- _Task to complete_
Every line of the listing is returned unchanged, and every picture is dropped.

- _Information provided_
◆ ◆ ◆

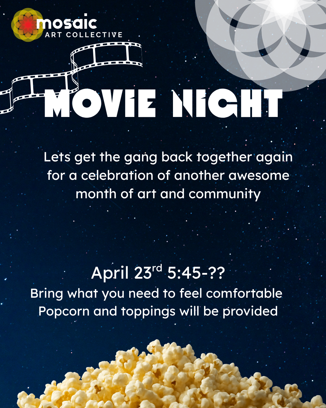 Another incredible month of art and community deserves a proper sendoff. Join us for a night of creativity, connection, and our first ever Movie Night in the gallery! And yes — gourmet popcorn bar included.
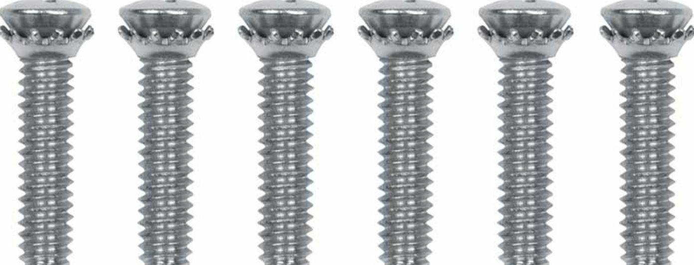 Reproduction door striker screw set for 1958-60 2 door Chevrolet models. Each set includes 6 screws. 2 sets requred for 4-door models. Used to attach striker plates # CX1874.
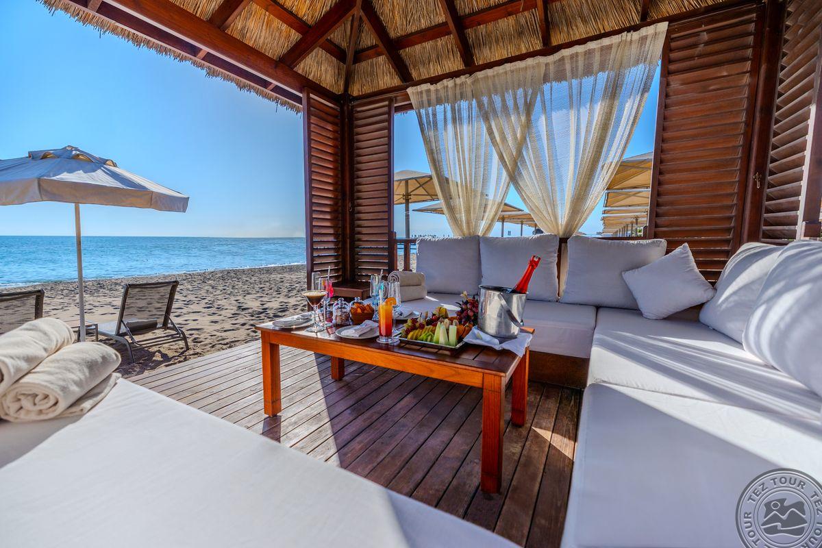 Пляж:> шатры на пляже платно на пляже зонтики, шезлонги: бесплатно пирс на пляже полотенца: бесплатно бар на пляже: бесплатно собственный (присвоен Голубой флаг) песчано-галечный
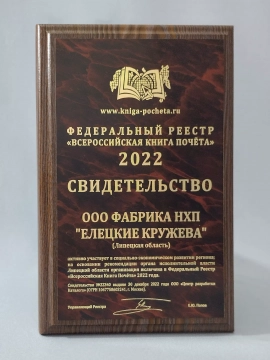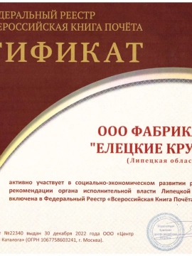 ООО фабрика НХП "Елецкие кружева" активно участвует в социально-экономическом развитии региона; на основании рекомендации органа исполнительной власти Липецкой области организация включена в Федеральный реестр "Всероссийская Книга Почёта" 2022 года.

◆ ◆ ◆

- _Answer to the problem_
 Another incredible month of art and community deserves a proper sendoff. Join us for a night of creativity, connection, and our first ever Movie Night in the gallery! And yes — gourmet popcorn bar included.
 Reproduction door striker screw set for 1958-60 2 door Chevrolet models. Each set includes 6 screws. 2 sets requred for 4-door models. Used to attach striker plates # CX1874.
 Пляж:> шатры на пляже платно на пляже зонтики, шезлонги: бесплатно пирс на пляже полотенца: бесплатно бар на пляже: бесплатно собственный (присвоен Голубой флаг) песчано-галечный
 ООО фабрика НХП "Елецкие кружева" активно участвует в социально-экономическом развитии региона; на основании рекомендации органа исполнительной власти Липецкой области организация включена в Федеральный реестр "Всероссийская Книга Почёта" 2022 года.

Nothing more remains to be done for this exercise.